At this point I was told that Brooke had to pull out due to business emergency (third version of the story from the representative of Bold Gorilla) and she was scrambling to hire more staff.
It was also at this point where my confidence in the company and its staff hit rock bottom. I was told in no uncertain terms that it was due to demands like mine that the interim convoy leader and her mother were worried about Brooke taking her own life.
My enthusiasm for this convoy (and I tried real hard to foster some for the sake of my kids), my spirit and my resilience left me completely.
It is not something you want to hear on your trip if a lifetime. My heart sank to my stomach and I nearly threw up.
I walked away from the pair and tried to no longer communicate with them or Brooke.

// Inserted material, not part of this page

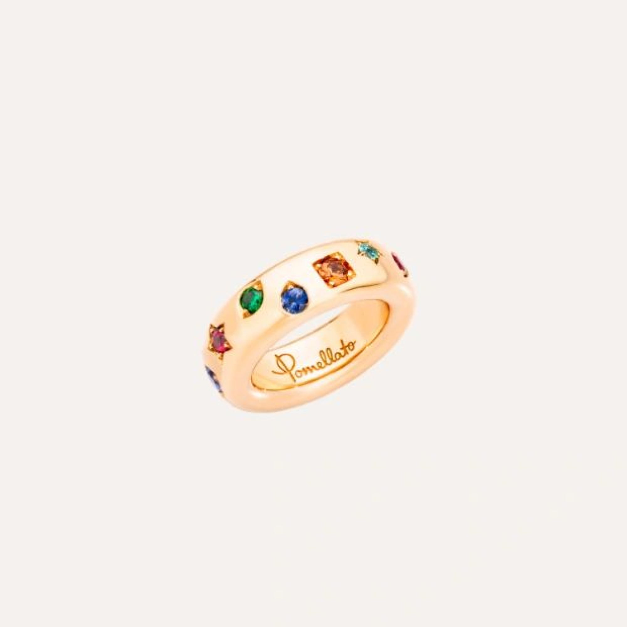 Ring aus 18 Kt Roségold mit 2 behandelten orangefarbenen Saphiren (≈0.3 ct), 1 rosa Turmalin (≈0.1 ct), 1 Peridot (≈0.2 ct), 1 Rubin (≈0.2 ct), 1 blauen Zirkon (≈0.1 ct), 2 blauen Saphiren (≈0.3 ct), 1 Demantoid (≈0.1 ct), 1 roten Spinell (≈0.1 ct), 2 Tansaniten (≈0.3 ct) und 1 Tsavorit (≈0.2 ct).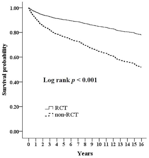 SAS software (SAS System for Windows, version 9.2; SAS Institute, Cary, NC, USA) was used to perform all statistical analyses in this study. Descriptive statistics were used to analyze the demographic data and the distribution of each variable among the study population. Continuous variables were described as the mean ± statistical difference (SD) and were compared using independent t-test analysis of variance. Categorical variables were described as proportions and compared using the chi-square test. The chi-square test was used to compare each variable in the groups of patients with and without RCT. The cumulative proportion of patients with and without RCT was calculated using the Kaplan–Meier method, and the difference in survival was determined by the log-rank test. Univariate and multivariate analyses were performed with the Cox proportional hazards model. To adjust for potential confounding factors in the relationship between comorbidity, multivariate analysis was used. A p-value of < 0.05 was considered statistically significant.

At this stage I also considered leaving the convoy as some did, but as luck would have it, my car threw a “check engine light” and the closest mechanic to be able to fix it was in Adelaide. So we opted for the safety in numbers and stuck it out for the rest of the trip.
I wasn’t as unlucky as some. A mum with her son were left on the side of the road in a broken car in the middle of nowhere with no phone reception and the convoy leader did not stop to assist. There was a satellite phone the convoy leader had but deemed too expensive to use.
In Coober Pedy we opted for the staying in the underground campsite experience but the tents were too big. We were given the option of a motel room, which we were happy about, until we discovered we only had one bed for the three of us. (There were three people options available. We know the rooms from previous stay).
I could mention a myriad of other problems, however they all pale in comparison to being blamed for someone contemplating su***de because you’ve asked for what you paid for.
In retrospect I am glad I joined the convoy. I met some amazing people and were still in touch. Shielded from the drama and stress (timo my best abilities), my kids loved the experience and learned a lot. And I learned that other than the concierge service, there wasn’t really anything worth paying the $$ for. I could have done it all on my own and saved myself some dollars, nerves and stress.
So I would like to thank Brooke for this lesson. And if I can give her one piece of parting advice:
Honour your commitments. Don’t cut corners.
Put yourself in your customers shoes.
And don’t throw a hapless young woman into the deep end and expect things to work out ok.
PS: I have waited this long to leave this review because I wanted to be as objective as possible under these circumstances.